Jewish film festival in hot water over sex-abuse doco


JTA says noted producer Scott Rosenfelt livid after LA festival labels documentary about sexual abuse in Orthodox community 'witch hunt'

Producer Scott Rosenfelt is threatening to take legal action against the Los Angeles Jewish Film Festival after its director, Hilary Helstein, called his film a "witch hunt," JTA reported.

Rosenfelt, whose credits include blockbusters such as "Home Alone" and "Mystic Pizza," submitted "Standing Silent" – a film about sexual abuse in Baltimore's Orthodox community – to the festival, and was rejected.

The film is slated to be screened at several Jewish film festivals across the United States.

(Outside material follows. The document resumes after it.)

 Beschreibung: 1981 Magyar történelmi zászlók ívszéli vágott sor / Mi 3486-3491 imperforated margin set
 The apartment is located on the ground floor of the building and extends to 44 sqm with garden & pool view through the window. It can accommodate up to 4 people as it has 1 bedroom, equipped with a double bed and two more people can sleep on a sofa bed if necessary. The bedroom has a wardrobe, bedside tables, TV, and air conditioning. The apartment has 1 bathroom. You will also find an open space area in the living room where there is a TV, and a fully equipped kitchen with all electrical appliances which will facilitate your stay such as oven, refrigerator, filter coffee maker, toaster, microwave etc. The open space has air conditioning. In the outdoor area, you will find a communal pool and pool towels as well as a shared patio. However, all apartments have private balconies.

According to the report, after viewing the film, Helstein sent an email to other Jewish film festival directors in which she said that while the film was well made, her festival's team chose to reject it over its subject matter.

"Our committee felt… the film was a 'witch hunt.' We all show different things and each community has a different level of tolerance,” she wrote.

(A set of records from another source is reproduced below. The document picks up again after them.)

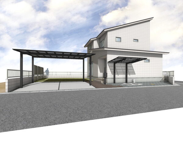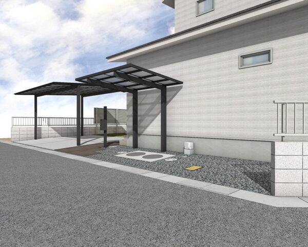 T様邸の駐車スペースには、ネスカ Fの2台用カーポートを設置しました。スタイリッシュなブラックの柱と、光を取り込むクリアマットの屋根材が、車を雨風から守りながらも明るく開放的な印象を創り出します。毎日の車の出し入れが快適で、住まいの顔となるような美しい佇まいを演出するデザインです。
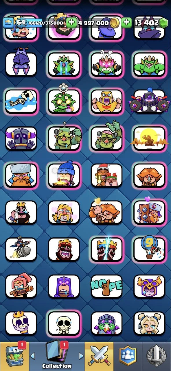 30% OFF ✨ RARE EMOTES ✨ KT 15 🔱 LVL 64 🏆 CUPS [10900] ✨ MAX CARDS [111] ✨ ELITE [42] ✨ EVO [18] ✨ LVL 14 [69] ✨ GEMS [13000] ✨ELITE WILD CARDS[3.6Lakh] ✨ EMOTES [138] ✨ SKINS [17] 🔱 CARDS [121] ✨ 10000% SAFE
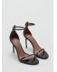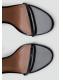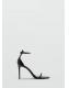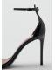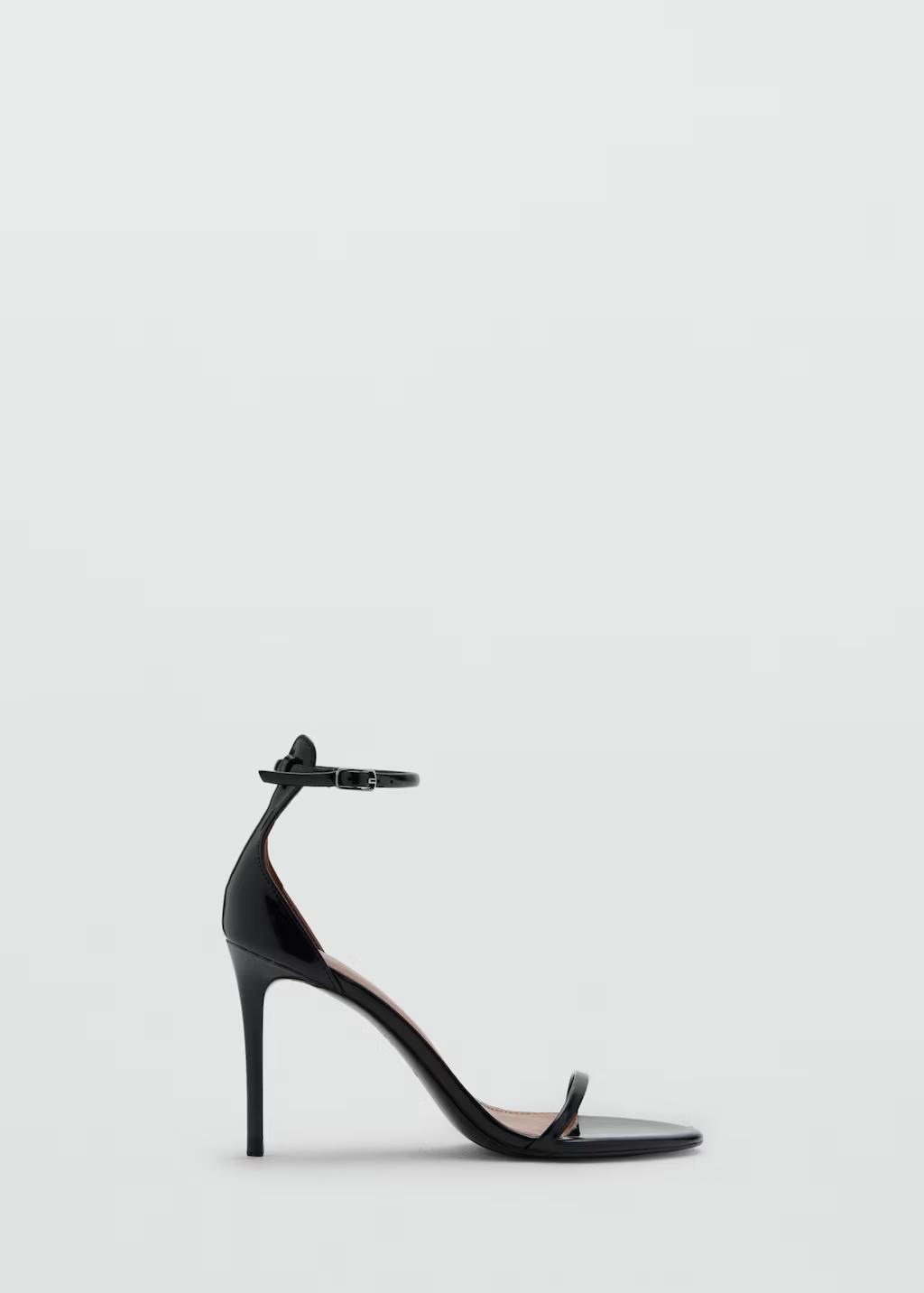 Efecto charol. Diseño de tira. Puntera abierta. Tacón de aguja. Cierre de tira tobillera con hebilla metálica. El tacón mide 9,5 cm
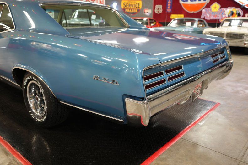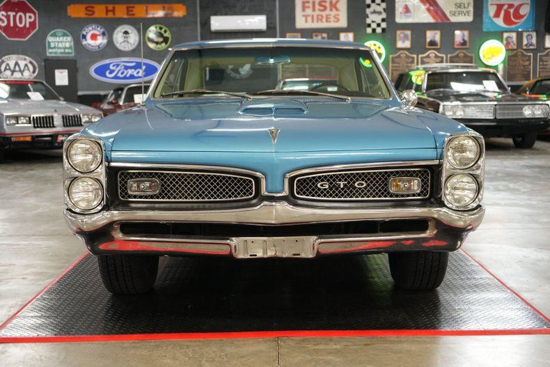This 1967 Pontiac GTO delivers timeless muscle car appeal with a strong factory-style setup. Under the hood sits a Pontiac 400 V8 paired with a GM TH400 automatic transmission and a 10-bolt POSI rear end with 3.55 gears. It's equipped with power steering and power brakes, along with 4-wheel drum brakes for classic stopping power. The blue exterior is complemented by a white vinyl interior and 14" OEM Rally II wheels wrapped in 225/70/R14 Cooper Cobra Radial G/T tires. Additional features include a Holley 650 CFM 4-barrel carb, OEM intake, and ignition system. A true vintage cruiser with iconic Pontiac style. Free shipping & warranty available!!
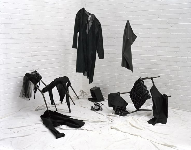 On the front cover the whole background will be black, perhaps a long curtain, the main element will be the hanging clothes with lights displayed on them. I want to find “flowy” clothes and dangly accessories hanging from them. I want to make the garments look as alive as possible without a model wearing them. The front and back cover are inspired by my article “When fabric forgets the body”.
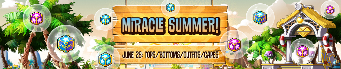 This Saturday, June 28, 2025, Maplers on all Worlds will have Miracle Time enabled for Tops, Bottoms, Outfits, and Cape Equipment! Cube your shirts, breastplates, and blouses, your shorts, skirts, and greaves, your robes, dresses, and trenchcoats, and even your cloaks, backpacks, and capes of all sorts, all-day Saturday with the improved Rank-Up chances!

"Our committee felt that a community that reveres its rabbis, this was not something they wanted to show. I just wanted to put a warning sticker on this one so that you are aware."

Tainted considerations?

Rosenfelt slammed the correspondence as "the most unprofessional act" he has seen in his career.

"The idea that a festival director would go behind the back of a filmmaker and do this gives me great pause to ever recommend your festival to anyone," the JTA quoted Rosenfelt's email to Helstein.

"As you know, I've produced films… so I know a couple of people in the business. I plan on letting EVERYONE I know to stay away from you and your festival, because you are clearly not someone who supports filmmakers."

He further called her "a disgrace to Judaism, and not only that, a disgrace to all humanity."

Rosenfelt further told the JTA that Helstein "was complicit in the kind of silence surrounding sexual abuse that his film aims to combat."

The report said Helstein refused to comment, but quoted John Fishel, the festival's chairman, as saying that the decision not to screen "Standing Silent" was made by a small group of volunteers on the selection committee, who "did not feel the film was appropriate to screen and worried that it would provoke controversy that would overshadow the film itself."